Black people were enslaved in the United States of America (USA) from 1619 to 1865. During that time, the US Government supported the enslavement, forced unpaid labor, brutalization, and murder of black people in the USA. The Government must atone for their actions. Atonement can take the form of money or land. The Government can give land and/or money to the black descendants of those enslaved people. That atonement is more commonly referred to as reparations.
The initial reparations discussion occurred in 1865 shortly after the enslaved black people were freed from physical bondage. The Government agreed to give each formally enslaved person 40 acres and a mule. Coastal land extending from South Carolina to Georgia was identified for reparations usage. That plan was discarded a few months later by an incoming President (Andrew Johnson). Numerous additional attempts to provide reparations to the formerly enslaved or their descendants were made between the late 1800s and the mid-1900s. None of those attempts were successful. Today, reparations seem to be on the lips, or at least in the minds, of most Americans. Perhaps past attempts were unsuccessful because of the use of the word reparations in each claim. Perhaps the word “reparations” is not a legally sufficient term.
Reparations is defined as the making of amends for a wrong one has done by paying money to or otherwise helping those who have been wronged. The legal definition, as shown in Black’s Law Dictionary, defines reparations as a payment for an injury or damage or redress for a wrong done. Understanding that slavery was legal during the enslavement of black people in the USA, it seems it would be difficult to sway a Judge or jury with arguments concerning injuries and/or damage to persons while they were enslaved. Suing for reparations will not result in a guilty-of-a-crime verdict because slavery was legal at that time. Without a guilty verdict, any monies given would be minimized and might have to be given voluntarily. Damages incurred after the enslaved blacks were freed will not likely qualify as slave-reparations. Restitution, on the other hand, would better align with any need to seek payments for economic losses after slavery.
Restitution, according to Black’s Law Dictionary, is defined as an equitable remedy under which a person is restored to his/her original position prior to loss or injury. Unlike claims for reparations, case law relative to restitution is in abundance. For example, State v Barnett concerned giving an equivalent for or restoring something to the rightful owner. Antoine v McCaffery concerned compensation for the wrongful taking of property.

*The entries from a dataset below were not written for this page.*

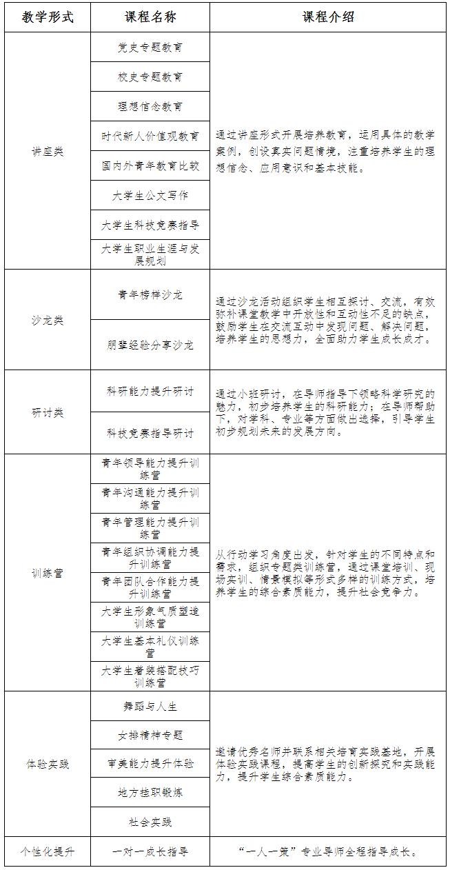 注:课程形式与课程名称不局限于课程表
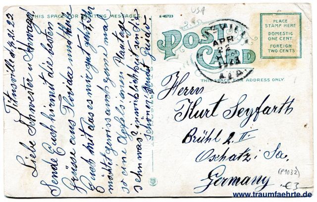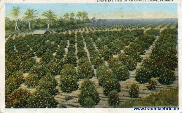 – Details – Year: ca. 1920 Postal state: postally used 1923, stamp removed Inscription front: Bird's eye view of an orange grove, Florida Inscription back: This space for printing messages. A-45723, Post Card, Place stamp here, Domestic one cent, Foreign two cents, This space for address only. C.T. American Art, CT Chicago Postmark(s): (...)sville, APR 22, 1923, (...) Please note: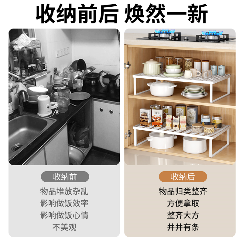厨房橱柜内置物架柜子分层架台面隔板碗碟调料品锅具灶台下收纳架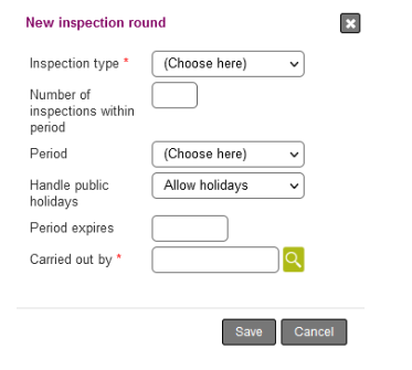 - Period: Choose the period of the inspection e.g. "only once" or "yearly"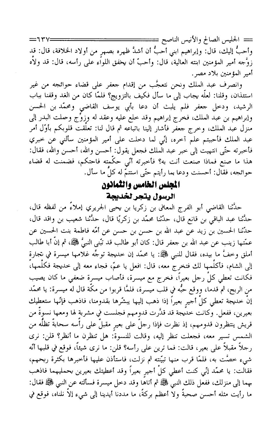 حدَّثنا الْقَاضِي أَبُو الْفَرَجِ الْمُعَافَى بْنُ زَكَرِيَّا بْنِ يَحْيَى الْجَرِيرِيُّ إِمْلاءً مِنْ لَفْظِهِ قَالَ، حدَّثنا عَبْد الْبَاقِي بْن قَانِع قَالَ، حَدَّثَنَا مُحَمَّد بْن زَكَرِيّا قَالَ، حدَّثنا شُعَيْبُ بْنُ وَاقِدٍ قَالَ، حَدَّثَنَا الْحُسَيْنُ بْنُ زَيْدٍ عَنْ عَبْد اللَّه بْن حَسَن بْن حَسَنٍ عَنْ أُمِّهِ فَاطِمَةَ بِنْتِ الْحُسَيْنِ عَنْ عَمَّتِهَا زَيْنَبَ عَنْ عَبد اللَّه بْن جَعْفَر قَالَ: كَانَ أَبُو طَالِبٍ قَدْ تَبَنَّى النبيَّ صَلَّى اللهُ عَلَيْهِ وَسَلَّمَ، ثُمَّ إِنَّ أَبَا طَالِبٍ أَمْلَقَ وخفَّ مَا بِيَدِهِ، فَقَالَ لِلنَّبِيِّ صَلَّى اللَّهُ عَلَيْهِ وَسَلَّمَ: يَا مُحَمَّدُ إِنَّ خَدِيجَةَ توجِّه غُلامَهَا مَيْسَرَةَ فِي تجارةٍ إِلَى الشَّامِ، فأكلِّمها لَكَ فَتَخْرُجَ مَعَهُ، قَالَ: افْعَلْ يَا عَمُّ، فَجَاءَ مَعَهُ إِلَى خَدِيجَةَ فكلَّمها، فَكَانَتْ تُعْطِي كلَّ رَجُلٍ بَعِيرًا، فَخَرَجَ مَعَ مَيْسَرَةَ، فَأَصَابَ مَيْسَرَةُ ضِعْفَيْ مَا كَانَ يُصِيبُ مِنَ الرِّبْحِ، ثُمَّ قَدِمَا، وَوَقَعَ حبُّه فِي قَلْبِ مَيْسَرَةَ، فلمَّا قَرُبُوا مِنْ مَكَّةَ قَالَ لَهُ مَيْسَرَةُ: يَا مُحَمَّدُ إنَّ خَدِيجَةَ تُعْطِي كلَّ أجيرٍ بَعِيرًا إِ ذَا ذَهَبَ إِلَيْهَا يُبَشِّرُهَا بِقُدُومِنَا، فَاذْهَبْ فَإِنَّهَا سَتُعْطِيكَ بَعِيرَيْنِ، فَفَعَلَ. وَكَانَتْ خَدِيجَةُ قَدْ قدَّرت قُدُومَهُمْ فَجَلَسَتْ فِي مشربةٍ لَهَا وَمَعَهَا نسوةٌ من قُرَيْش ينتظرون قُدُومَهُمْ، إِذْ نَظَرَتْ فَإِذَا رجلٌ عَلَى بعيرٍ مقبلٌ عَلَى رَأْسِهِ سحابةٌ تظلُّه مِنَ الشَّمْسِ تَسِيرُ مَعَهُ، فَجَعَلَتْ تَنْظُرُ إِلَيْهِ، وَقَالَتْ لِلنِّسْوَةِ: هَلْ تَنْظُرْنَ مَا أَنْظُرُ؟ قُلْنَ: نَرَى رَجُلا مُقْبِلا عَلَى بَعِيرٍ، قَالَتْ: فَمَا تَرَيْنَ عَلَى رَأْسِهِ؟ قُلْنَ: مَا نَرَى شَيْئًا، فَوَقَعَ فِي قَلْبِهَا أَنَّهُ شَيْءٌ خصَّت بِهِ، فَلَمَّا قَرُبَ مِنْهَا تَبَيَّنَتْهُ ثُمَّ نَزَلَتْ، فَاسْتَأْذَنَ عَلَيْهَا فَأَخْبَرَهَا بِكَثْرَةِ رِبْحِهِمْ، فَقَالَتْ: يَا مُحَمَّدُ إِنِّي كُنْتُ أُعْطِي كلَّ أجيرٍ بَعِيرًا وَقَدْ أَعْطَيْتُكَ بَعِيرَيْنِ بِحِمْلَيْهِمَا فَاذْهَبْ بِهِمَا إِلَى مَنْزِلِكَ، فَفَعَلَ ذَلِكَ النَّبِيُّ صَلَّى اللَّهُ عَلَيْهِ وَسَلَّمَ ثُمَّ أَتَاهَا وَقَدْ دَخَلَ مَيْسَرَةُ فَسَأَلَتْهُ عَنِ النَّبِيِّ صَلَّى اللَّهُ عَلَيْهِ وَسَلَّمَ فَقَالَ: مَا رَأَيْتُ مِثْلَهُ أَحْسَنَ صُحْبَةً وَلا أَعْظَمَ بَرَكَةً، مَا مَدَدْنَا أَيْدِيَنَا إِلَى شَيْءٍ إِلا نِلْنَاهُ، فَوَقَعَ فِي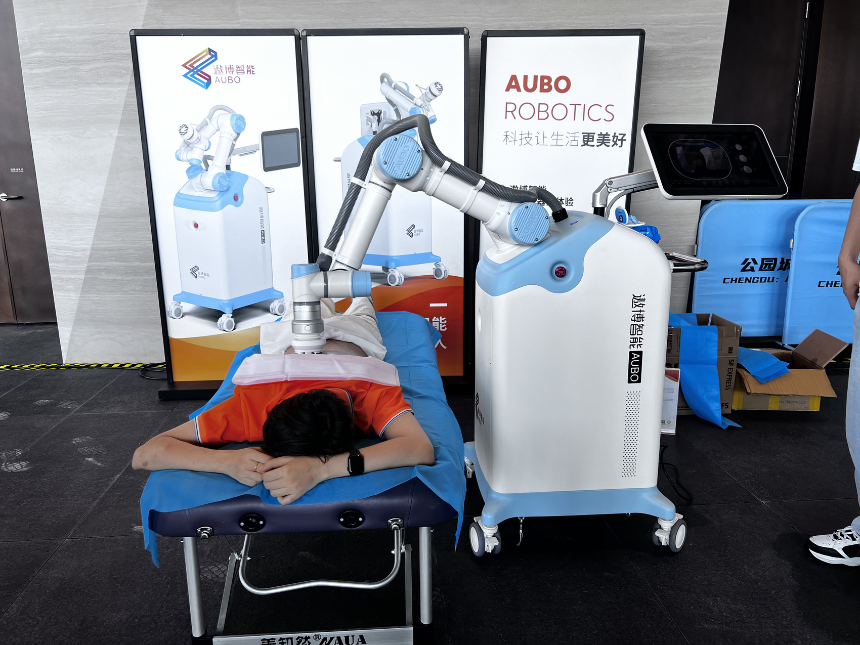 一键启动,循穴而动,机械臂轻触游客背腹,这是一款射频理疗按摩机器人可以提供的服务。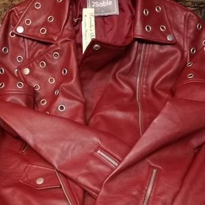 Maroon leather jacket like new. Worn one time. Size small. Comes from a smoke free home and no wear n tear. Great for a night on the town.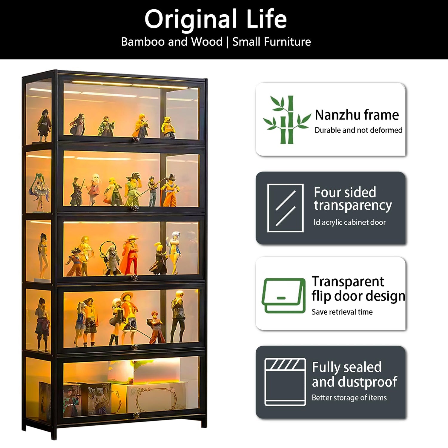 - πγπππ«π²π₯π’π ππππ’π§ππ ππ¨π¨π« πππ¬π’π π§γ- HD figure display cabinet is made of acrylic cabinet door + bamboo material frame, front,left, right, three sides are made of high transparent acrylic material, you can easily see your collection of gift toys in the display case.
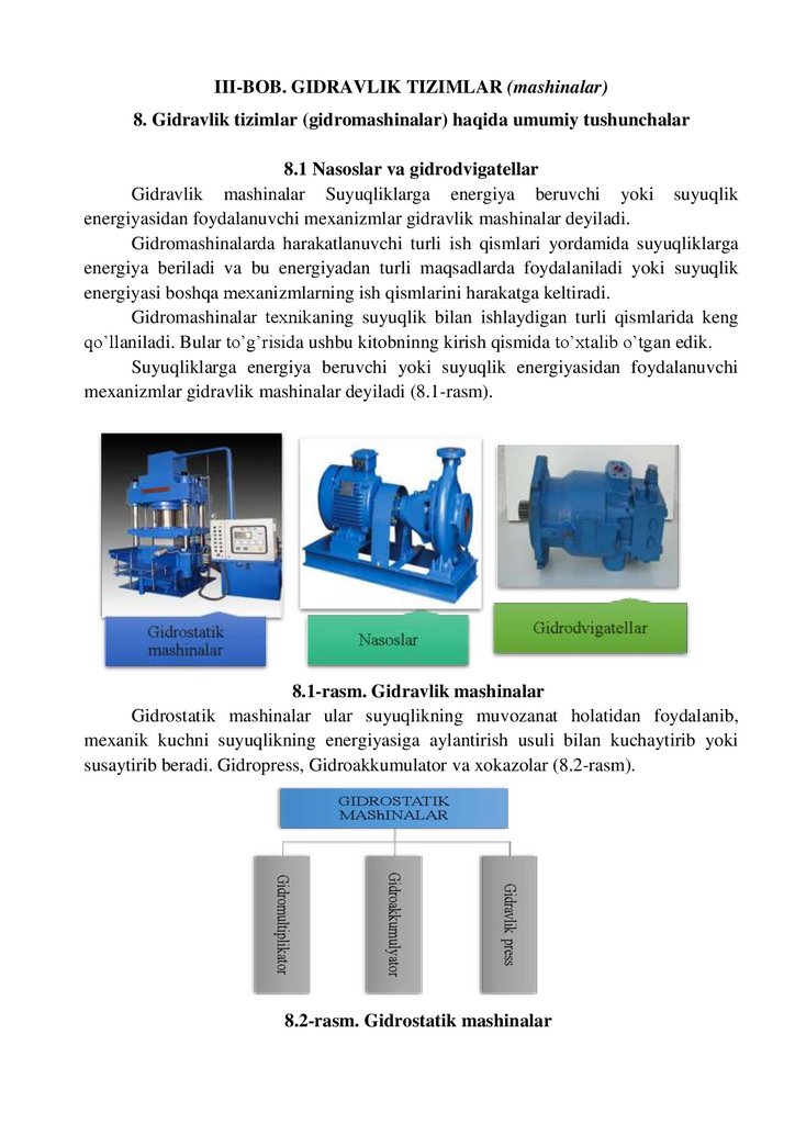 III-BOB. GIDRAVLIK TIZIMLAR (mashinalar)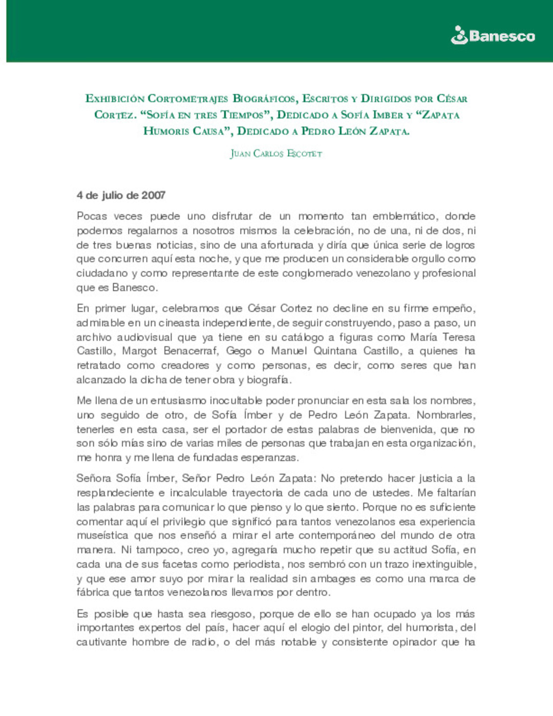 Palabras de Juan Carlos Escotet durante la proyección de "Sofía en Tres Tiempos" y "Zapata Humoris Causa"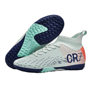 クロスボーダーハイトップサッカーシューズ TF ブロークンスパイク大人の人工芝 AG スパイクレザーフット男性青少年学生スポーツトレーニングシューズ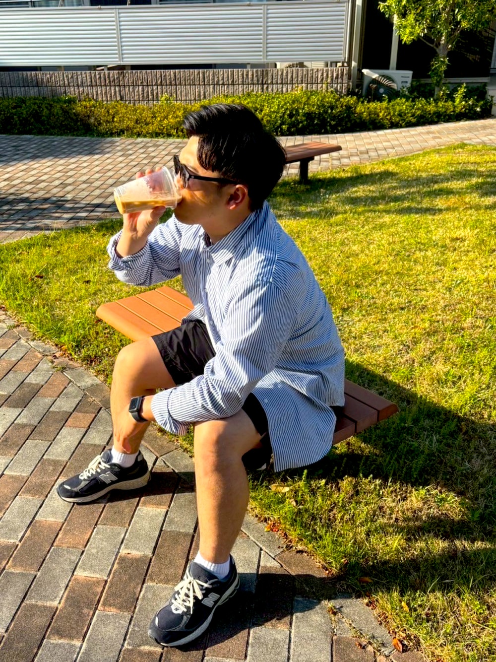 初夏の気温ですよ! ベンチで休んでるとこを📸 休憩時間も大切ですよね🫨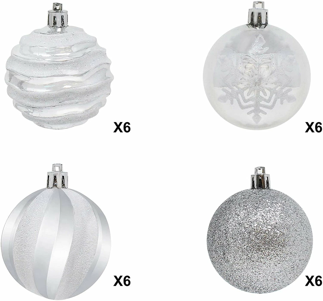 - SUPER VALUE PACK. Our Christmas Tree Ball Ornaments Set includes 6 Wavy Stripes Balls, 6 Snowflake Balls, 6 Swirls Balls, 6 Glitter Balls.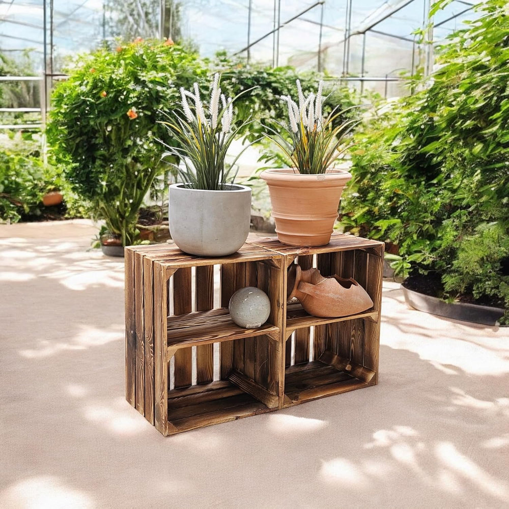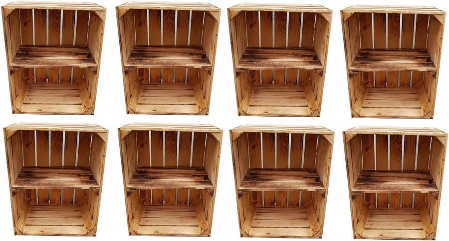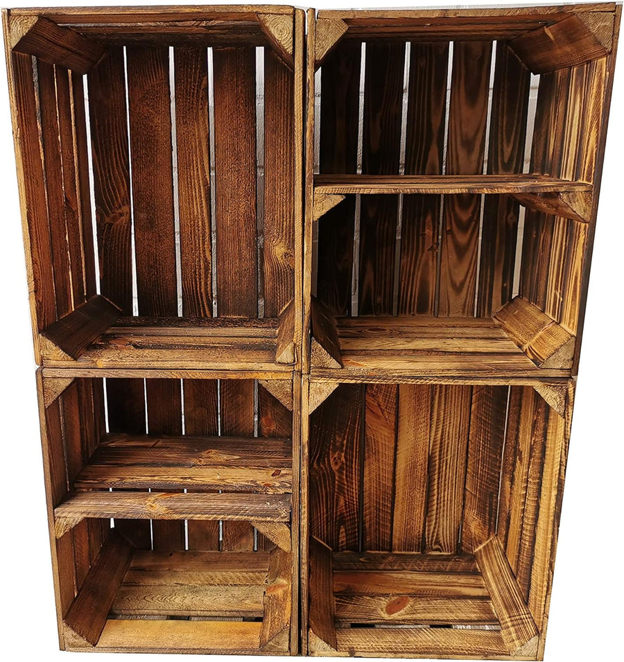 Teramico Alte geflammte Obstkisten / Holzkisten mit Zwischenboden LANG verarbeitet - Ideal für den M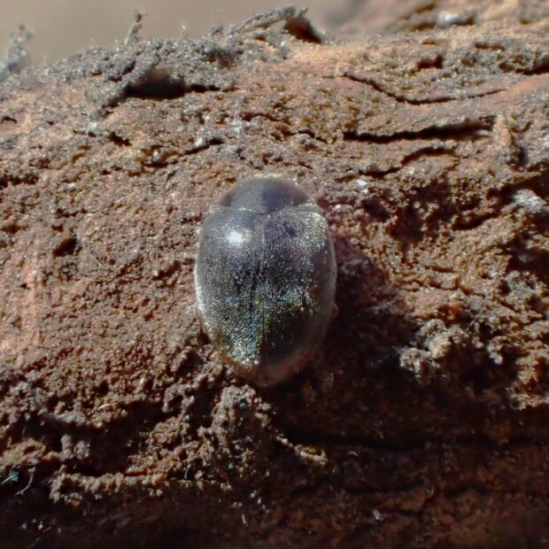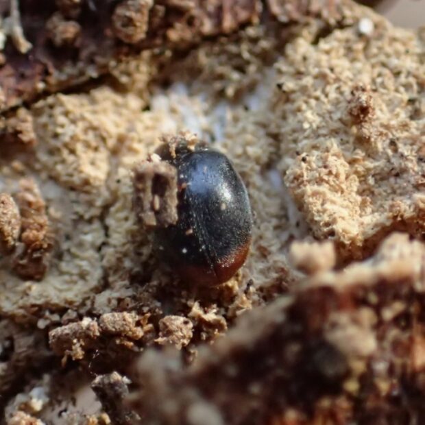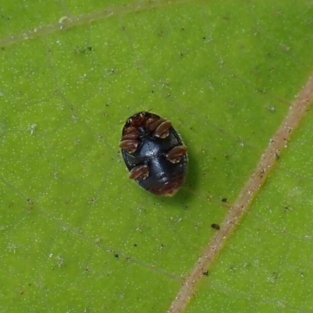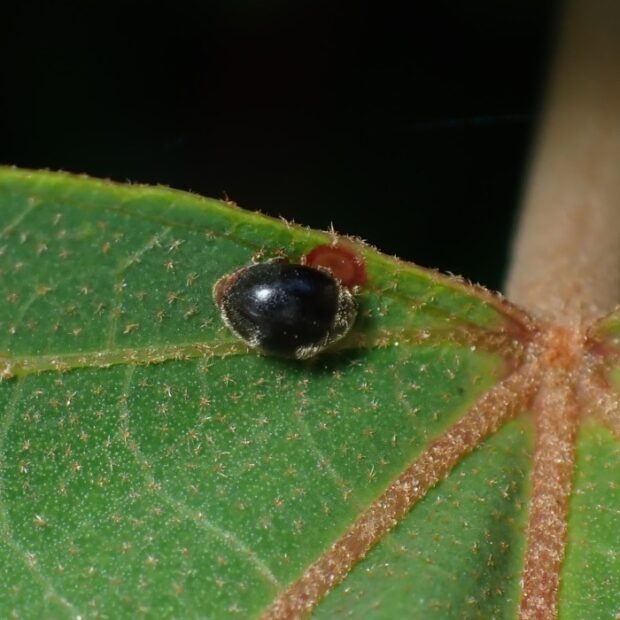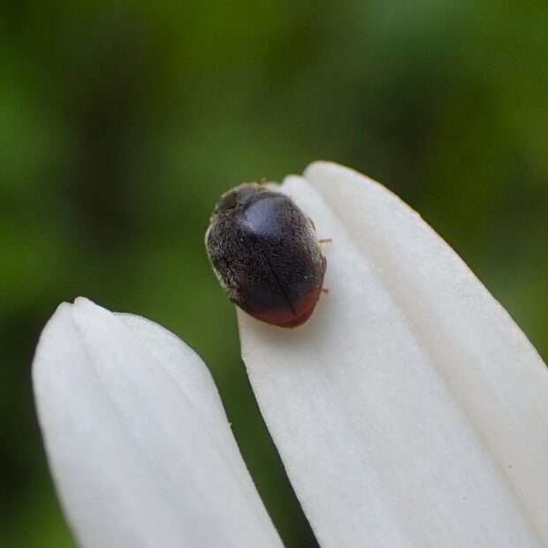 黒い小さなヒメテントウの仲間。 上翅(じょうし)は黒く短い毛が密生し、 はねの先がオレンジ色。 頭部はオスはオレンジ色で、 メスは黒色です。 幼虫は白いモコモコのロウ物質におおわれカイガラムシのような姿。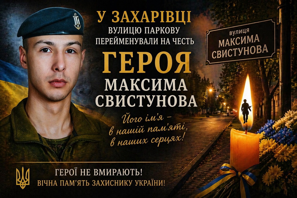 23 квітня 2026 року під час пленарного засідання 61-ої сесії Захарівська селищна рада депутати ухвалили важливе і символічне рішення – перейменувати вулицю Паркову в центрі Захарівки на вулицю Максима Свистунова.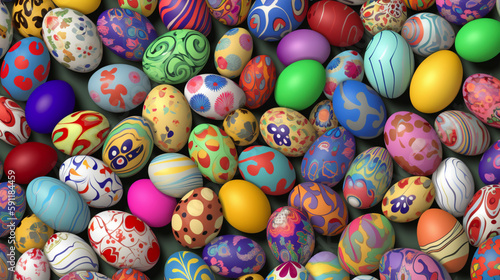 © Third Stone, Obraz premium カラフルなイースターエッグの背景 Generative AI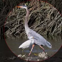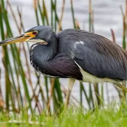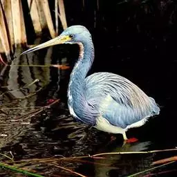 大蓝鹭是鹳形目鹭科的鸟类。共有5个亚种,体长137厘米。全身大部分羽毛呈灰蓝色羽毛,…

According to the law, a person who has been unjustly enriched at the expense of another is required to make restitution to the other.
The descendants of the formerly enslaved should change their strategy from seeking reparations via some congressional act to seeking restitution in a court of law. Considering the centuries of failed attempts at obtaining reparations as well as the numerous successful restitution remedies ordered by the courts should lead to strategic changes for seeking remedies. Restitution, not reparations, was the chosen remedy sought by the former enslavers after their slaves were freed by the Government. Those enslavers sought payment for the loss of property (i.e., their former slaves) and were granted a hefty sum by the court. Restitution seems to be the wisest choice for the descendants of the formally enslaved to obtain viable legal remedies for past injuries/damages.